• _AIM OF THE TASK_:
Set down each line of the data below exactly as it stands, dropping the pictures.

--- RECORDED DATA ---

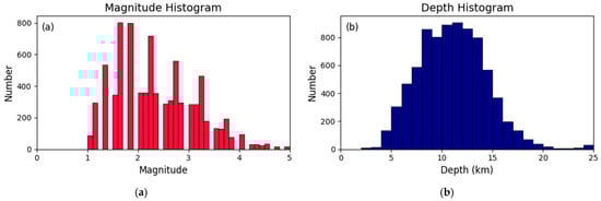 Histograms of magnitude (a) and depth (b) of seismic events in the Santorini area. Most earthquakes have a magnitude 1.0 < ML < 3.0 and a depth of 8.0 < D < 15.0 km, reflecting the action of shallow faults and possible magmatic mobility in the upper part of the crust. These distributions support the conclusions of the statistical analysis regarding the dominant shallow seismicity and its connection to the Santorini volcanic system.
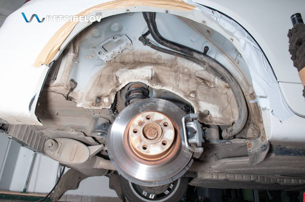 Финальным этапом шумоизоляции BMW X4 (F26) будет шумоизоляция колесных арок. Это позволит нам существенно усилить эффект снижения шума, издаваемого резиной автомобиля. Сначала снимаем 4 подкрылка, обезжириваем их поверхность и наносим следующие слои. Comfort mat Extreme 3.5 – многослойный вибродемпфер, каждый слой которого несет особую функциональную нагрузку. Затем наносим слой напыляемого полимера с резиновой крошкой и минеральными волокнами. Заливаем все швы и получаем после высыхания эластично-упругое покрытие черного цвета.
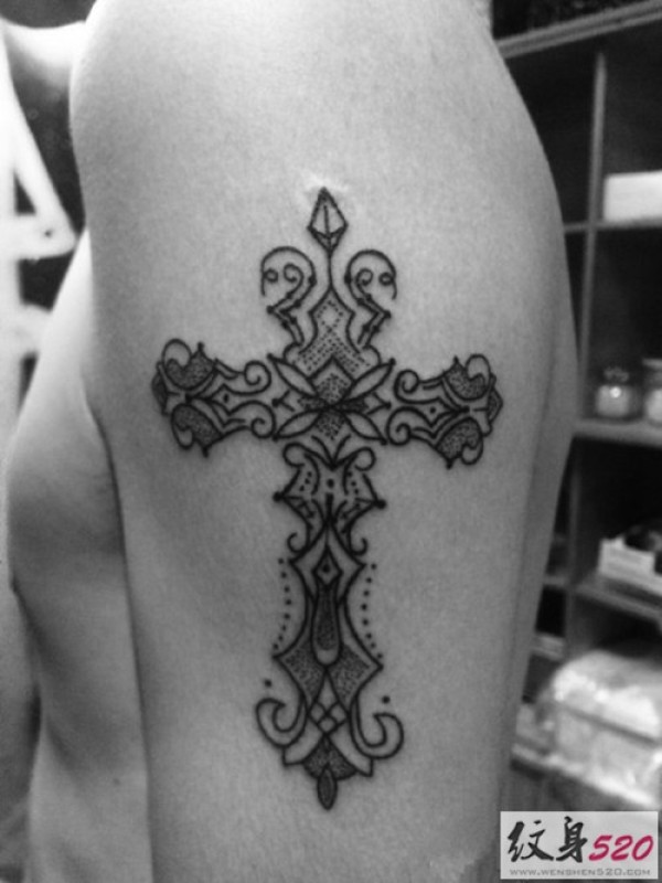 男士超爱的十字架纹身
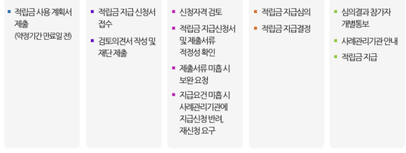 • 적립기간 완료 후 5년 경과 시까지 근로장려금 미신청 및 지급심사가 불결된 경우 근로장려금은 지급하지 않고 재단에서 여입 처리합니다.

---

• _ANSWER BELOW_:
 Histograms of magnitude (a) and depth (b) of seismic events in the Santorini area. Most earthquakes have a magnitude 1.0 < ML < 3.0 and a depth of 8.0 < D < 15.0 km, reflecting the action of shallow faults and possible magmatic mobility in the upper part of the crust. These distributions support the conclusions of the statistical analysis regarding the dominant shallow seismicity and its connection to the Santorini volcanic system.
 Финальным этапом шумоизоляции BMW X4 (F26) будет шумоизоляция колесных арок. Это позволит нам существенно усилить эффект снижения шума, издаваемого резиной автомобиля. Сначала снимаем 4 подкрылка, обезжириваем их поверхность и наносим следующие слои. Comfort mat Extreme 3.5 – многослойный вибродемпфер, каждый слой которого несет особую функциональную нагрузку. Затем наносим слой напыляемого полимера с резиновой крошкой и минеральными волокнами. Заливаем все швы и получаем после высыхания эластично-упругое покрытие черного цвета.
 男士超爱的十字架纹身
 • 적립기간 완료 후 5년 경과 시까지 근로장려금 미신청 및 지급심사가 불결된 경우 근로장려금은 지급하지 않고 재단에서 여입 처리합니다.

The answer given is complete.